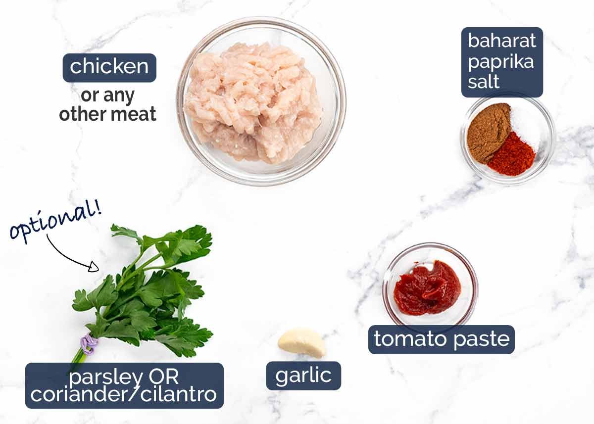 This recipe was a cinch! It’s a low-risk fast recipe so I didn’t need to do much testing on the cooking process. I made the same recipe with beef and pork to make sure they were still tasty using the same quantity of spicing and salt (which they were). I didn’t do lamb because it’s similar to beef in terms of amount of flavour it can take / needs – and I know it’s the best because lamb is a natural protein choice for Lebanese food and flavours. 🙂
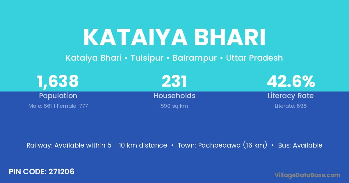 Pachpedawa (16 km) is the nearest town to Kataiya Bhari village for major economic activities and is located approximately 16 km away.
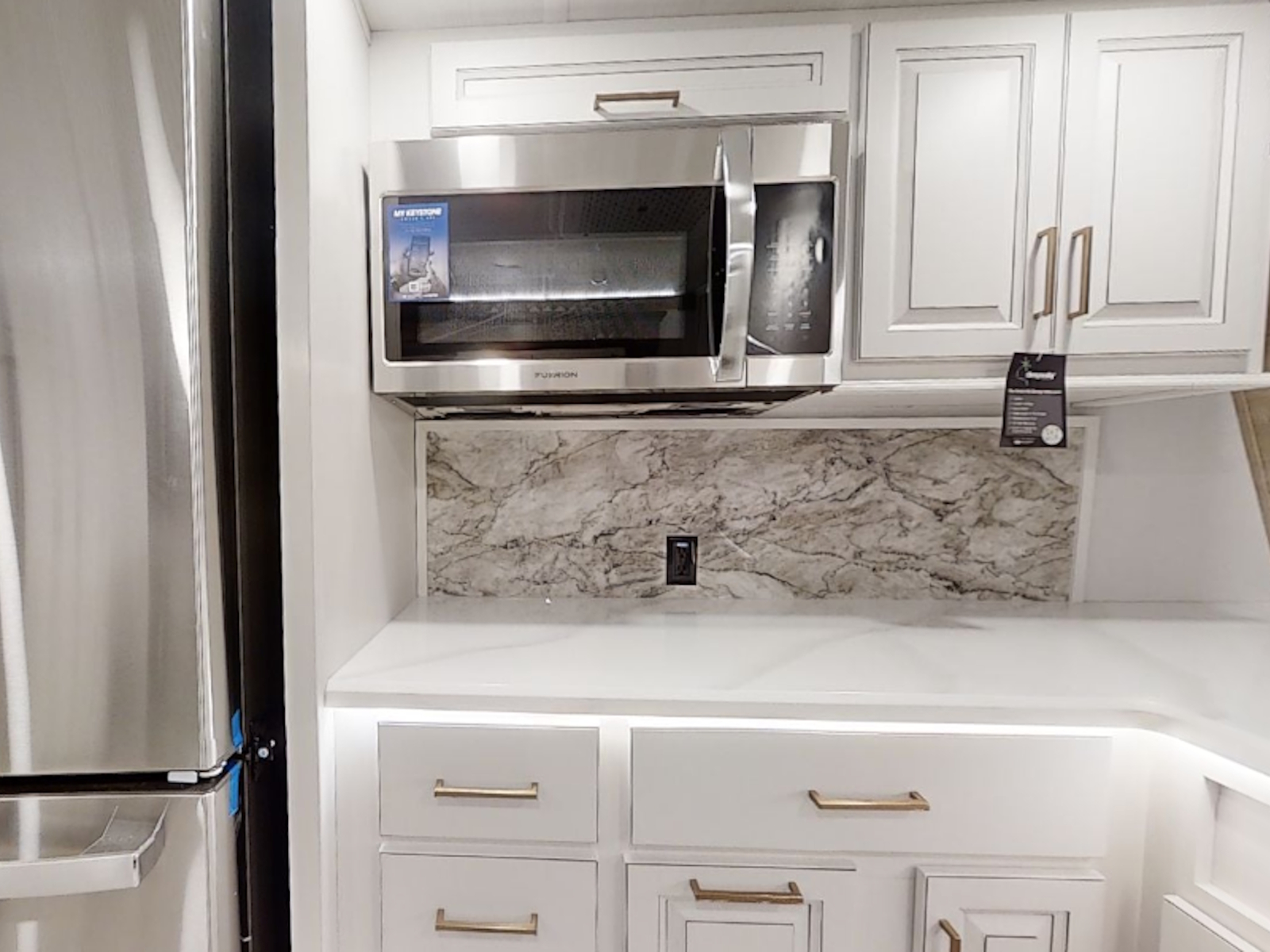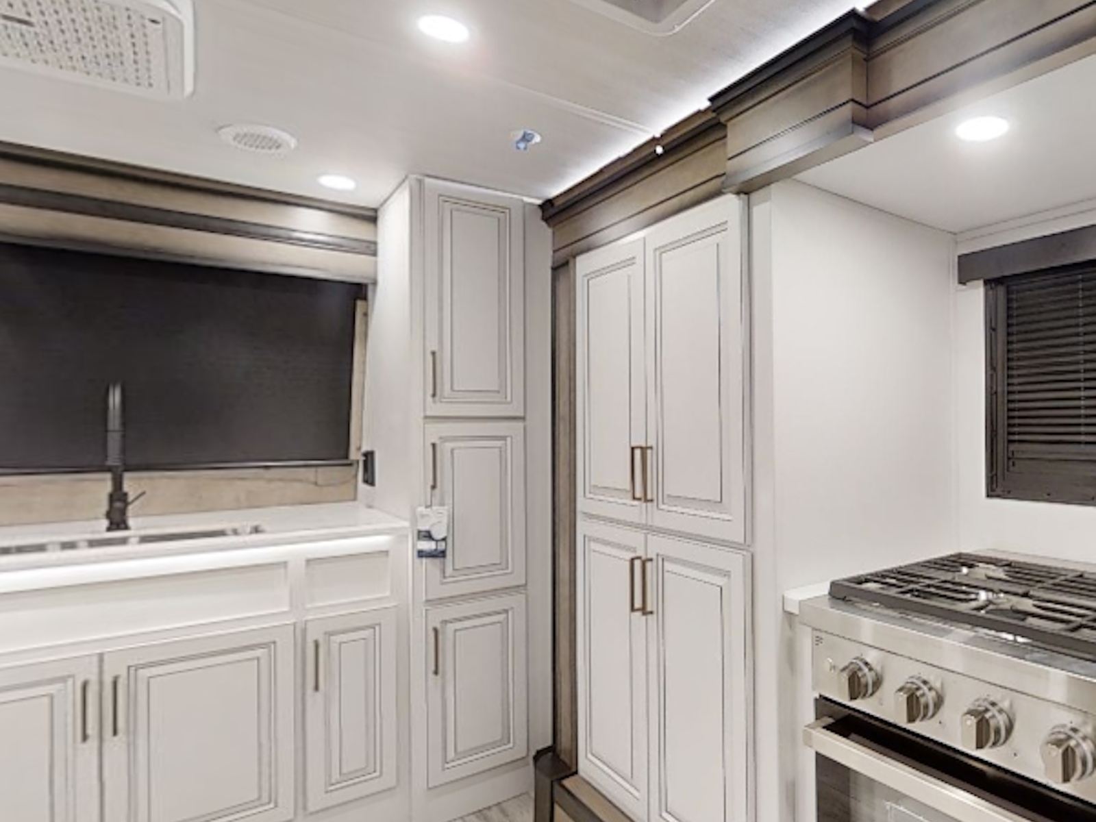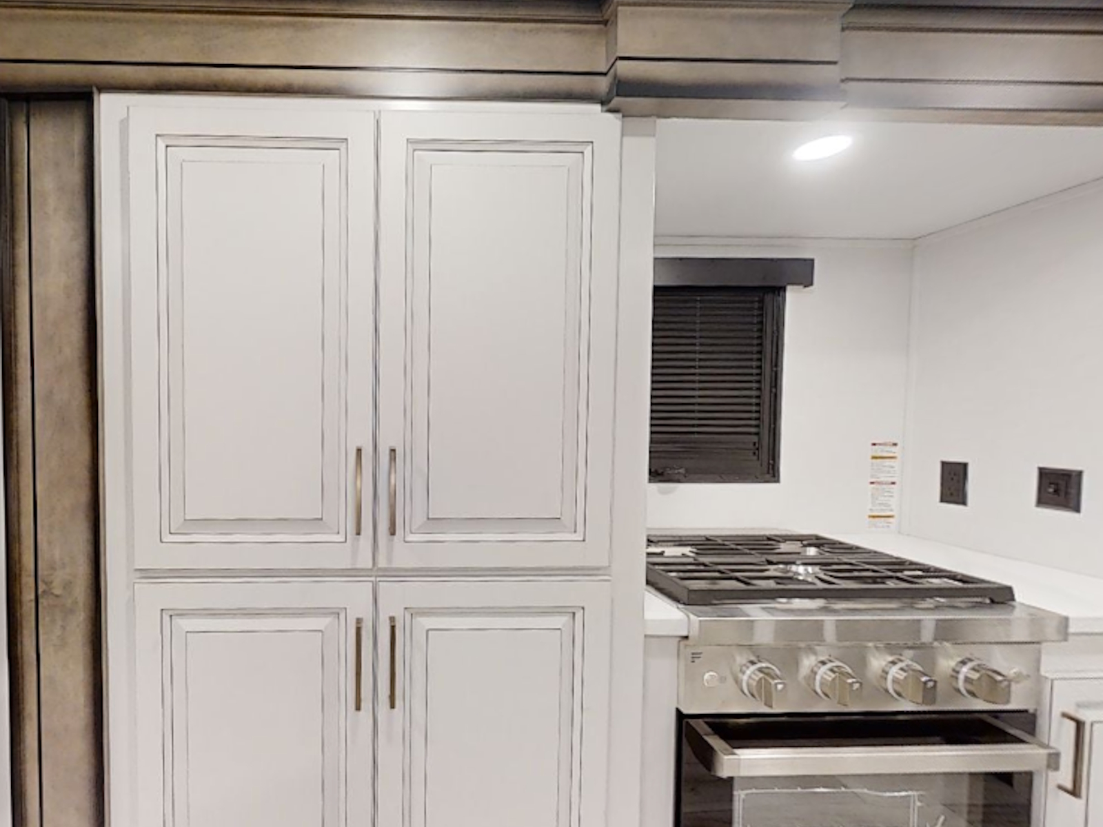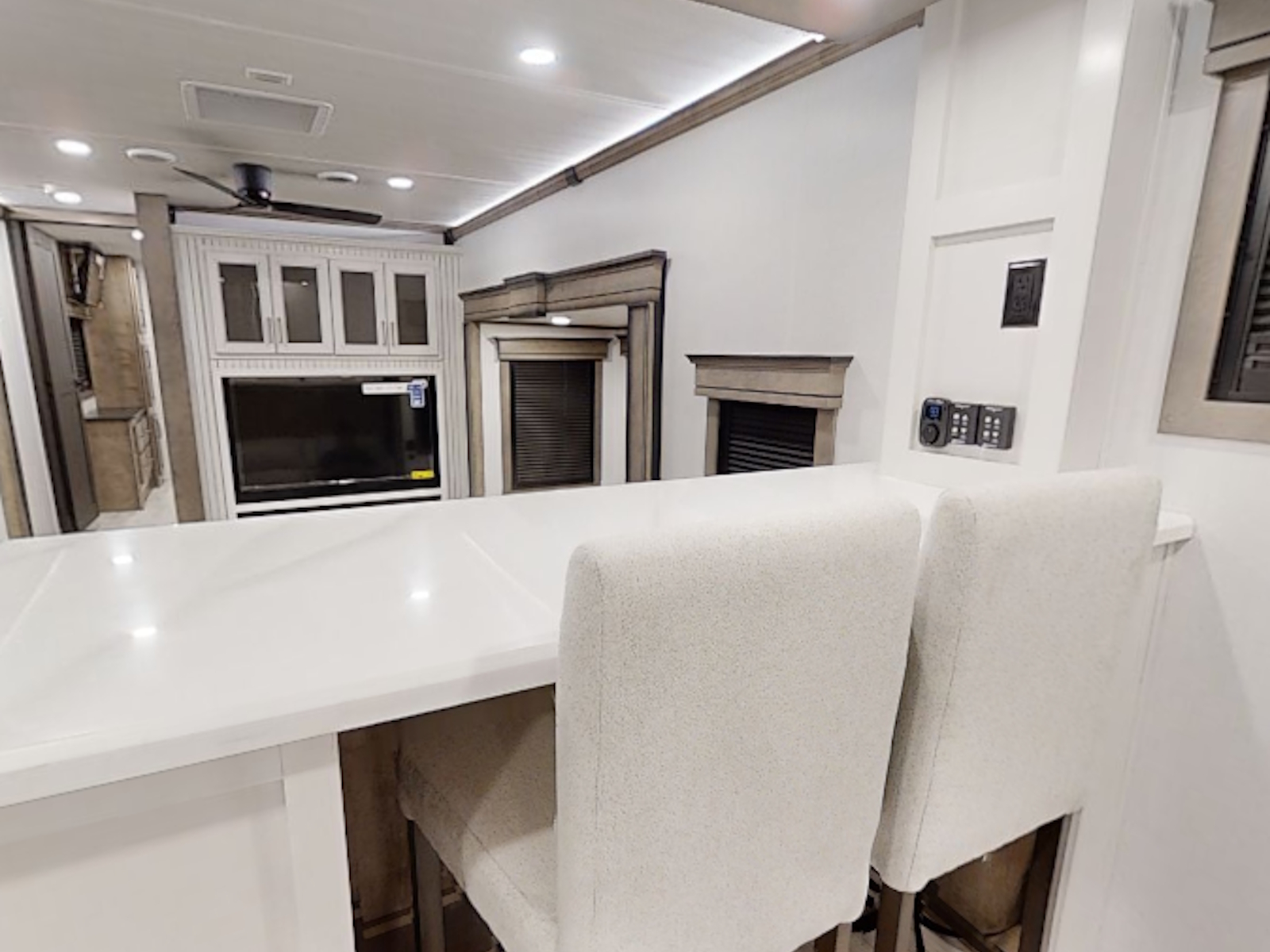Beauflor® vinyl flooring throughout | Hardwood decorative slideout fascia | Reflective window shades built into window | Hardwood decorative window frames | Hardwood cabinetry, stiles, & framing | La-Z-Boy Furniture Package | Decorative backlit crown molding in living area, hardwood base molding in hallway and living area | 5K BTU decorative fireplace heater | Central vacuum
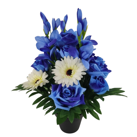 Dit kant-en-klare bloemstuk betovert met een realistische uitstraling, diepe kleuren en een zorgvuldige schikking van de bloemen. Dankzij het compacte formaat past het perfect in de woonkamer, op kantoor, in een winkelruimte of als waardige decoratie op een gedenkplek.
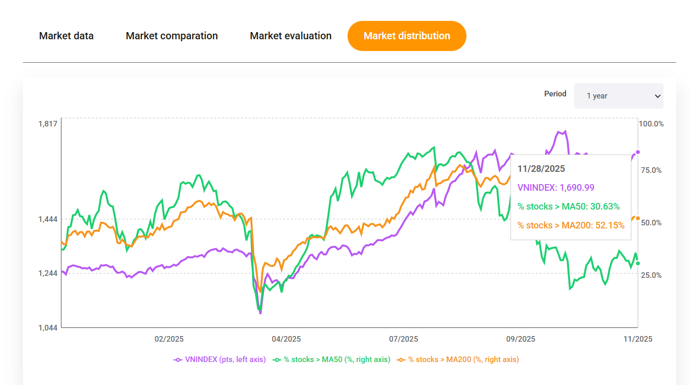 Chỉ số: Tỷ lệ cổ phiếu nằm trên đường MA50 (Đường xanh lá) chỉ đạt 30.63%.

....

What is required: Could you return exactly the lines starting with the one that contains "Pachpedawa (16 km)" and ending with the last line of the data above? Leave the pictures out.

Answer below:
 Pachpedawa (16 km) is the nearest town to Kataiya Bhari village for major economic activities and is located approximately 16 km away.
Beauflor® vinyl flooring throughout | Hardwood decorative slideout fascia | Reflective window shades built into window | Hardwood decorative window frames | Hardwood cabinetry, stiles, & framing | La-Z-Boy Furniture Package | Decorative backlit crown molding in living area, hardwood base molding in hallway and living area | 5K BTU decorative fireplace heater | Central vacuum
 Dit kant-en-klare bloemstuk betovert met een realistische uitstraling, diepe kleuren en een zorgvuldige schikking van de bloemen. Dankzij het compacte formaat past het perfect in de woonkamer, op kantoor, in een winkelruimte of als waardige decoratie op een gedenkplek.
 Chỉ số: Tỷ lệ cổ phiếu nằm trên đường MA50 (Đường xanh lá) chỉ đạt 30.63%.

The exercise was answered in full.